There was a lot expected of this week and it turns out that the build-up was far more exciting than the results. As mentioned on Wednesday afternoon, the Fed announcement and subsequent press conference did very little to provide traders with any new insight into future Fed action.
One thing that the Fed did do was make it clear to not expect anything definitive from them. They are doing just what everyone else should be doing which is look to the economic data to determine the future of interest rates. However, the game here is to see what the Fed will be doing regarding their open market operations so traders can front run the Fed. That is what bond trading is about now-a-days as opposed to trading based upon fundamental or technical philosophies.
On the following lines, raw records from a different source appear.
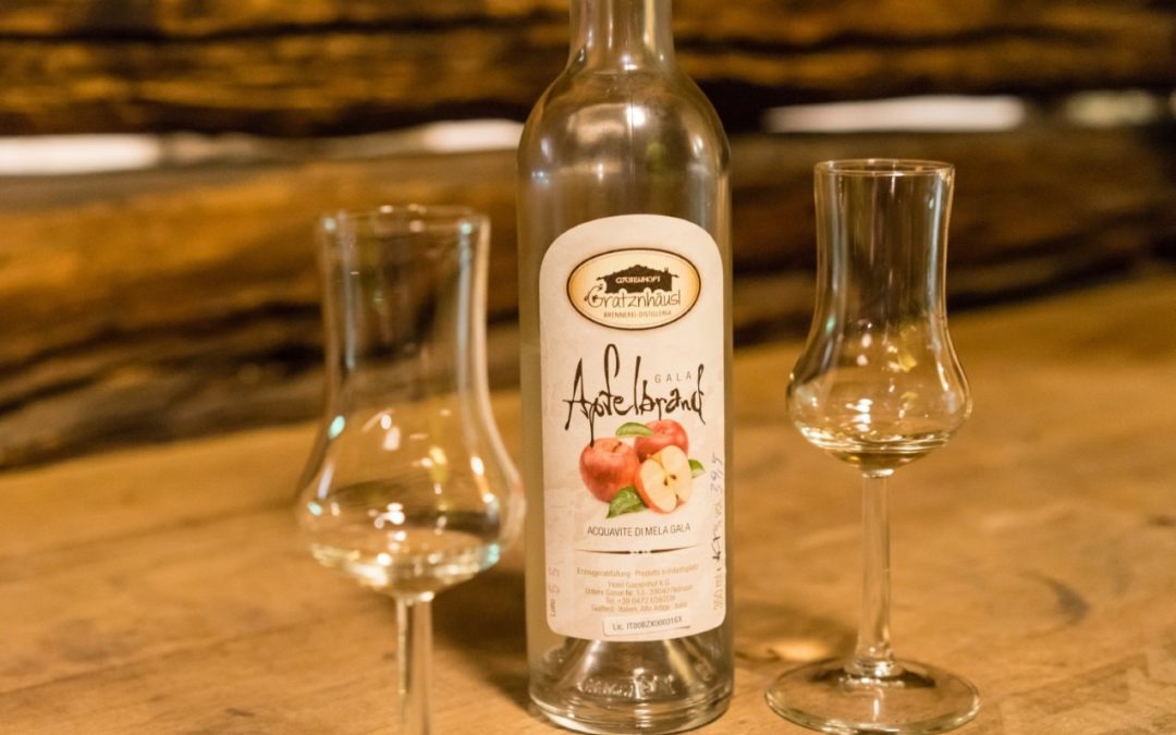 Selbstgebrannter Apfelgrappa aus dem Hotel Gassenhof. Im Gratznhäusl brennt der Hausherr, Manfred Volgger, seine köstlichen Grappa-Sorten. Bild: (c) Hotel Gassenhof.
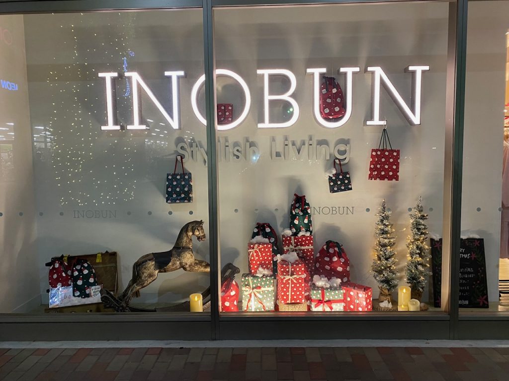 今年は駐車場側から見えるイノブンのウインドーもXmasラッピングで賑やかになりました!
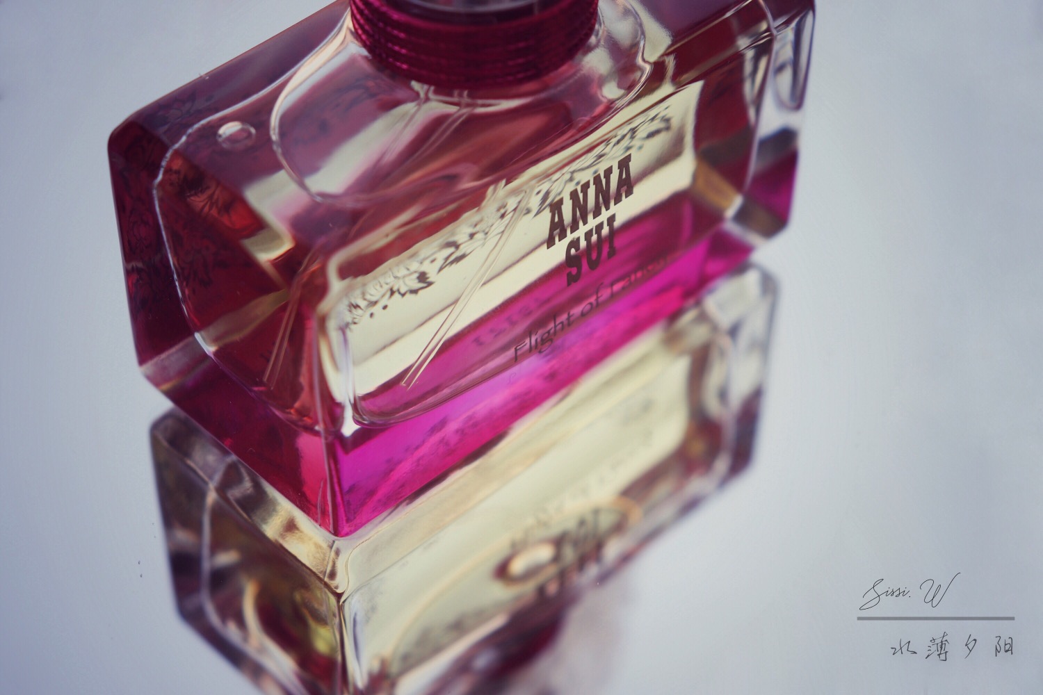 基础的香调是带着白桃味道的柑橘调,就像往榨汁机里丢了几瓣水蜜桃、几瓣西柚和一些水分充足的水果后,按下开关,汁水不受控制的飞溅出来的那种清甜。而后后调延伸出木质香调的沉稳感。具体的香调测评见p1,脑补出了一个小故事。这次测评是视觉与嗅觉的双重享受,在最喜欢的柑橘调里拍晶莹剔透的香水瓶,真是愉快。
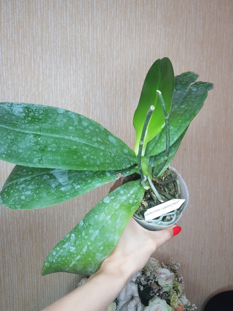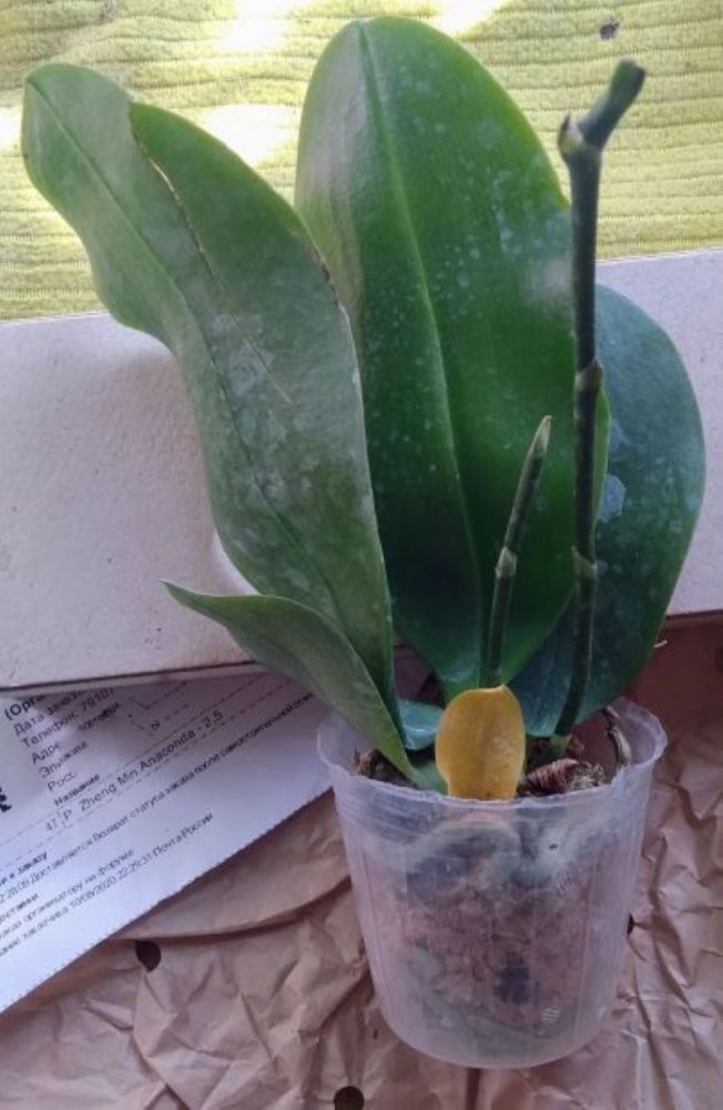 Быстрый заказ всего 2 месяца от оплаты до получения. Заказала растения после того как увидела его на видео на ферме Яфона. Получила просто гигантское растение в горшке 3.5 много корней, два срезанных свежих цветоноса, виден старый третий цветонос. Есть фирменная бирка с названием. Живности не обнаружила. Мох сухой. Листья очень большие, 7 штук. Минус в том что у всех 6ти полученных растения от яфона имеются какие-то проблемы с корнями.
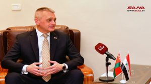 In an interview with SANA on the occasion of his country’s National Day, which falls on July 3, the day of the liberation of Belarus from Nazism, Ambassador Sloka said that his country is interested in developing and expanding cooperation with Syria in all political, economic and social fields. He referred to the effective role played by the joint government committee and the direct meetings of experts in both countries in creating mechanisms and opportunities to develop cooperation between them. He added that there is coordination between the two countries to put the agreements signed between them into practice.
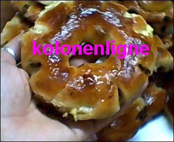 ثم نصففها في صينية الفرن و ندهنها بأصفر البيض ثم ندخلها لفرن ساخن
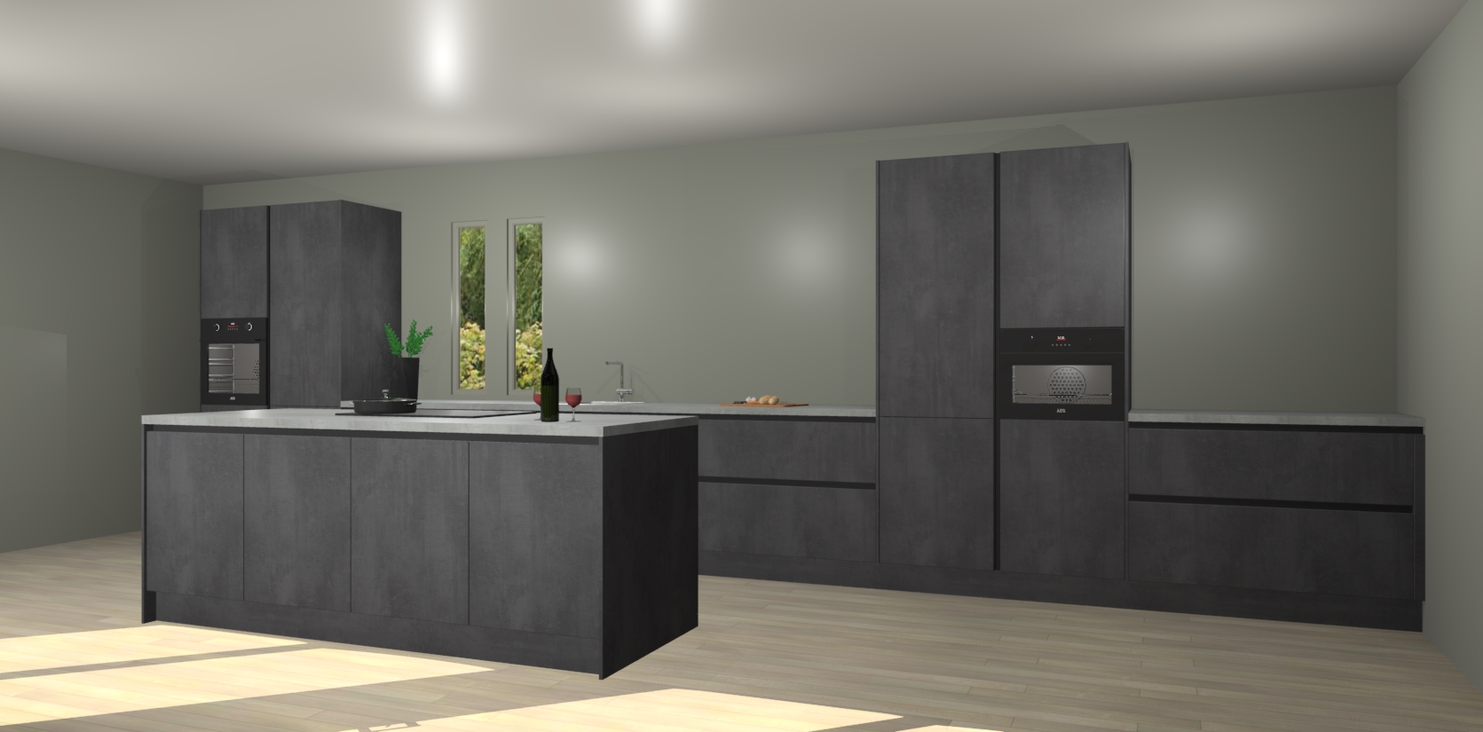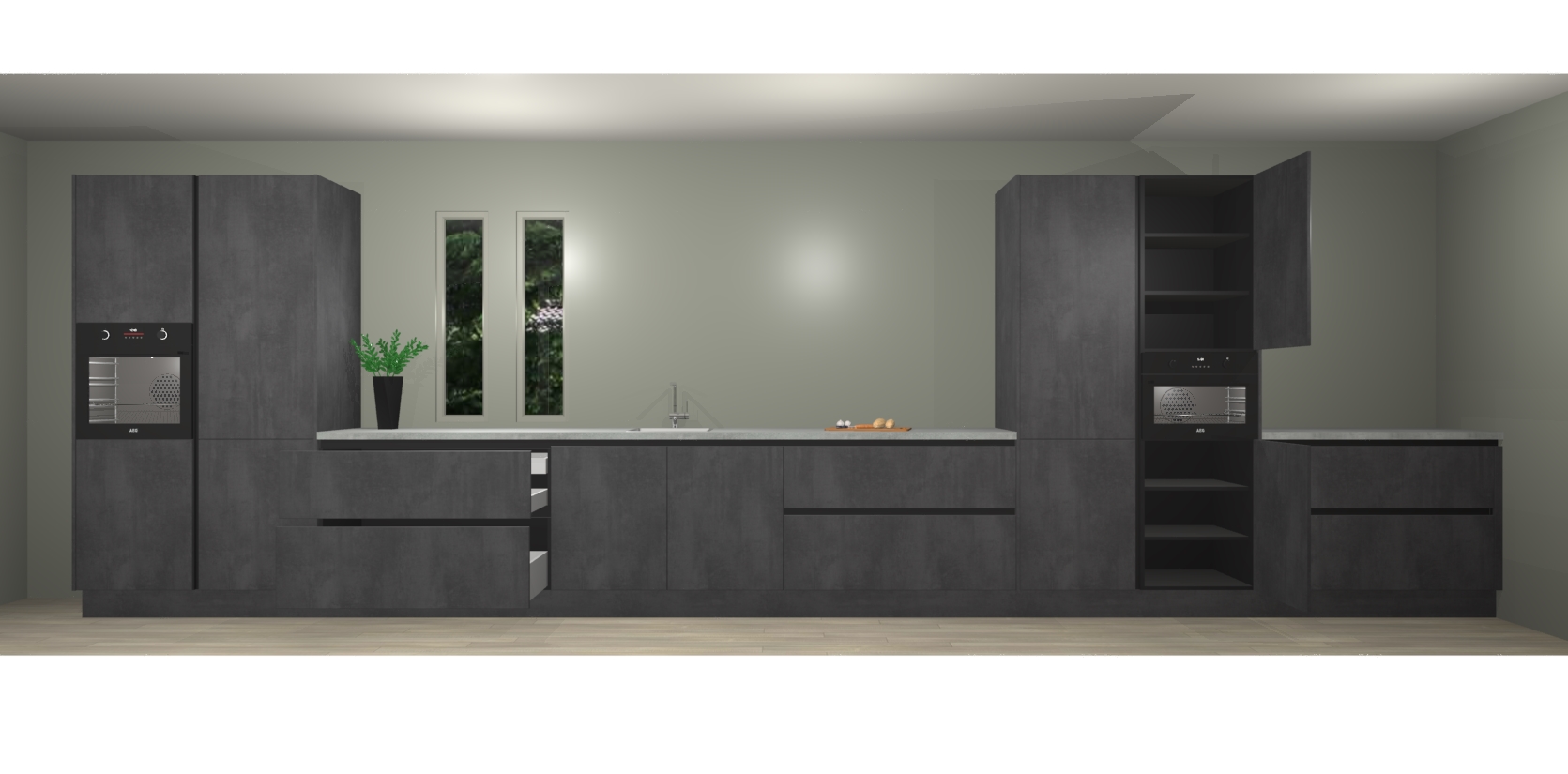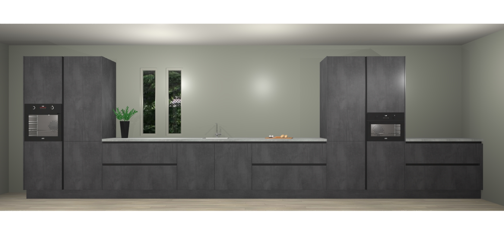 De perfecte toevoeging aan uw droomkeuken! De beton zwarte greeploze keuken Krakor is een opmerkelijke en verfijnde keuken. Hij is ontworpen met moderne lijnen en tijdloze schoonheid die garant staan voor een luxe uitstraling. Deze uiterst functionele en mooie keuken heeft een reeks verbazingwekkende functies: de overvloedige opbergruimte bevat soft close deuren, terwijl vijf inbouwapparaten zijn inbegrepen in de vaste lage prijs. Beter nog, uw beton zwarte greeploze keuken Krakor bestellen duurt slechts 7 weken met levering van voorgemonteerde kasten.

So where do we go from here? In my opinion not very far in either direction until the NFP number next Friday. We are currently sitting at a 1.95% on the 10yr and I give the range a +/- 8bps from here. Of course there could always be some headline news out of Europe that could rattle the cage but those headlines have been pretty quiet. When something has happened over there like the recent downgrade of Spain, it was met with little reaction. So all eyes will be on next week’s report to see if there is any follow-thru from the last poor report. If it is another weak number then I could see us having a nice rally that might not test the 1.71% low on the 10yr but I could see 1.80% pretty easily.
However, if we get a strong number then we could see getting right back to about 2.25% which is where we were before the last number. Now I believe the best scenario would be a number that is non-eventful and in-line with the consensus which should keep things status quo. I like this more for many reasons one of which is that it just continues the low rate sentiment in the market without any disruptions in the trading range.